O fogo ajuda a alimentar o despovoamento
Alguns habitantes de Casas da Ribeira, no concelho de Mação, desencantados com a sua sorte, já estão arrependidos de terem trocado a cidade pela aldeia.
Helena veio atrás da “paixão assolapada” do marido por Mação e Luísa decidiu passar a reforma na terra natal. Depois do fogo, as habitantes das Casas da Ribeira pensam em fazer o caminho inverso do que consumaram há anos.
Ao final da tarde do dia 26 de Julho, o fumo ainda era denso - quase parecia nevoeiro cerrado - na zona das Casas da Ribeira, onde uma casa de primeira habitação ardeu. “Era da Maria de Jesus”, conta Helena Mota, apontando para a casa, de onde ao princípio da noite ainda saia fumo.
Pela aldeia, alguns ainda tentavam ao início da noite apagar pequenas chamas que teimavam em aparecer, ouvindo-se ainda o crepitar do fogo em casas que estavam abandonadas e que arderam.
“Hoje foi medonho. Hoje foi medonho”, repete Helena, natural de Campo Maior, mas que veio para Casas da Ribeira há cerca de 20 anos, com o marido, que tinha as suas origens em Mação e uma “paixão assolapada” pela terra. Na pequena aldeia, viram as chamas na terça-feira, passaram a noite no lar e hoje acabaram por ver o fogo a cercar a localidade.
A maioria decidiu ficar e Casas da Ribeira acabou por contar com um “apoio extraordinário dos bombeiros” no combate às chamas, que atingiram a aldeia por volta das 17h00 de dessa quarta-feira, disse Helena Mota.
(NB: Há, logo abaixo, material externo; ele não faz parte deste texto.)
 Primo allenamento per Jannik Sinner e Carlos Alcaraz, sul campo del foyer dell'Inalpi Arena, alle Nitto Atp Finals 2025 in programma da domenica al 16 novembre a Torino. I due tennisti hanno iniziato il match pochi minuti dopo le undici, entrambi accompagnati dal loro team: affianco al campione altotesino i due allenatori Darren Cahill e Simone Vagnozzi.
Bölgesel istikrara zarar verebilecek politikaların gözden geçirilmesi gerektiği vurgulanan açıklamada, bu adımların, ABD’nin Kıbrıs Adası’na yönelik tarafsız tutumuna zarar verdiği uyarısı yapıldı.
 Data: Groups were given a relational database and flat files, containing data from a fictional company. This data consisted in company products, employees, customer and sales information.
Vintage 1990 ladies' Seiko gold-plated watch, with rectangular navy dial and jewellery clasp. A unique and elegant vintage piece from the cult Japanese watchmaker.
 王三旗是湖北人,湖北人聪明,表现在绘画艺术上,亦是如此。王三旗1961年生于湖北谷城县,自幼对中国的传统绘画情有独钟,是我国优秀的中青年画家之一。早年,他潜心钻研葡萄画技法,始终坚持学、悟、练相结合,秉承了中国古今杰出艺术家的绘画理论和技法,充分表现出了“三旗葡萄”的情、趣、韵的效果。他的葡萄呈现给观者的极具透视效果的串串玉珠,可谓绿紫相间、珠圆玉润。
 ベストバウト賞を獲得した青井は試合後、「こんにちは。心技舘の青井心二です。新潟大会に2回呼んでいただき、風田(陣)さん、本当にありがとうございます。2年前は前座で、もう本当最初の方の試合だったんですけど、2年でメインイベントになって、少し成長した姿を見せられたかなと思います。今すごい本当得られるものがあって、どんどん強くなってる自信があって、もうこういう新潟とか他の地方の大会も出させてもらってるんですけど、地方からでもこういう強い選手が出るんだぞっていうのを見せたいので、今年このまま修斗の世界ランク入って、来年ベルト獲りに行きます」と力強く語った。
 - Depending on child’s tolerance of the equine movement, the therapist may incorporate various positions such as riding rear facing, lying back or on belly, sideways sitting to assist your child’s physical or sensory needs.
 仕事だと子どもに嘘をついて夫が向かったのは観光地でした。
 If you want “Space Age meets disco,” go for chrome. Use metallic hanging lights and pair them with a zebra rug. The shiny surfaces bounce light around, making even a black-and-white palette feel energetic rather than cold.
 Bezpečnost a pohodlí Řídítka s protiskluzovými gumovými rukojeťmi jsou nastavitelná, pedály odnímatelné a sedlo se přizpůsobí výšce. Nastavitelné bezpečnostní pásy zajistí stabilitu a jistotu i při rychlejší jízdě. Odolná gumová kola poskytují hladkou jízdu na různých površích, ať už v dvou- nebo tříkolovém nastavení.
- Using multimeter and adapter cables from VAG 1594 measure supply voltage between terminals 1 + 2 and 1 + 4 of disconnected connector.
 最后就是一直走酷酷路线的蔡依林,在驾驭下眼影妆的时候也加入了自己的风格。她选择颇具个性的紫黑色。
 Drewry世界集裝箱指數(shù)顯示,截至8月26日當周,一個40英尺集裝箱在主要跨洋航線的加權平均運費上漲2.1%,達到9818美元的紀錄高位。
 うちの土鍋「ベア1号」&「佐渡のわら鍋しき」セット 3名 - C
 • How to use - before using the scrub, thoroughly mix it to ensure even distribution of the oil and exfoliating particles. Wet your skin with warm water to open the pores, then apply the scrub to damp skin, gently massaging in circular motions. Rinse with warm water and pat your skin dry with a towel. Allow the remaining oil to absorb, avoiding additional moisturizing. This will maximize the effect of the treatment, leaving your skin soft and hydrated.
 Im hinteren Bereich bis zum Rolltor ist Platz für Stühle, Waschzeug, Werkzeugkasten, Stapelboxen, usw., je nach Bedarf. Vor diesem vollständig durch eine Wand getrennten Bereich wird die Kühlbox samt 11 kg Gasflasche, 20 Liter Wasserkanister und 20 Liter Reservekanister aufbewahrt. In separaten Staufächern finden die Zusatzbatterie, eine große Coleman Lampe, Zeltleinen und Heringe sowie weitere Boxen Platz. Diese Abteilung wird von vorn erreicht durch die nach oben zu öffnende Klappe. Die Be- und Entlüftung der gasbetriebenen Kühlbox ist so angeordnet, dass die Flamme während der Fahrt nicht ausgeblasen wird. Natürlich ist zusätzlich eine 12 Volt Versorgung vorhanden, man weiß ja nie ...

Luísa Pereira, de 65 anos, ainda pensou que os bombeiros segurassem as chamas “junto à capela” da povoação, mas acabaram por passar por cima dos carros dos bombeiros. Ouviu a sua irmã a gritar: “Foge, foge”. Só teve tempo de pôr a “rega automática” no quintal e correu com a mangueira por cima da cabeça, sublinha. “Isto agora só com lixívia”, nota, a olhar para a roupa e braços sujos do incêndio.
Luísa perdeu todas as árvores que tinha e sublinha que “tinha de tudo” e de “toda a qualidade”, desde pessegueiros, mirtilos, medronheiros e diferentes variedades de uva. “Foi-se tudo”, lamentou, considerando que agora “já não vale a pena” voltar a replantar.
Luísa gosta de morar nas Casas da Ribeira - Helena “não” -, mas o fogo “vai tirando o ânimo”. O marido de Luísa, conta Helena, já lhe disse, nesses dias, quando foram mandados para o lar, que estava a pensar seriamente voltar para Queluz, onde o casal morou e trabalhou. “Já pensei nisso”, admite Luísa.
Helena é mais assertiva quando pensa em sair das Casas da Ribeira. O desencanto pela terra não é só do fogo, mas também de problemas na aldeia e de o abandono da localidade que foi assistindo ao longo do tempo.
“Comprámos um palheiro aqui, renovámos o palheiro e empatámos aqui as nossas economias. Se eu soubesse o que sei hoje”, protesta Helena Mota, que diz que quando veio, há 20 anos, “ainda havia juventude”. Hoje, são 20 e poucas pessoas as que vivem na aldeia - conta-as pelo nome.
“Cada vez há mais casas fechadas. As que morrem, morrem e os filhos estão para lá e não vêm, só nas férias ou um ou outro fim-de-semana. Temos aqui estas pessoas e são todos velhos. Todos velhos”, conta a reformada que trabalhou em Lisboa.
Onde hoje se vêem eucaliptos e pinheiros, dantes eram terras de cultivo de milho, trigo e cevada, diz Helena, que, enquanto caminha por uma das pequenas ruas das Casas da Ribeira, pergunta: “Porque é que vim para aqui?”.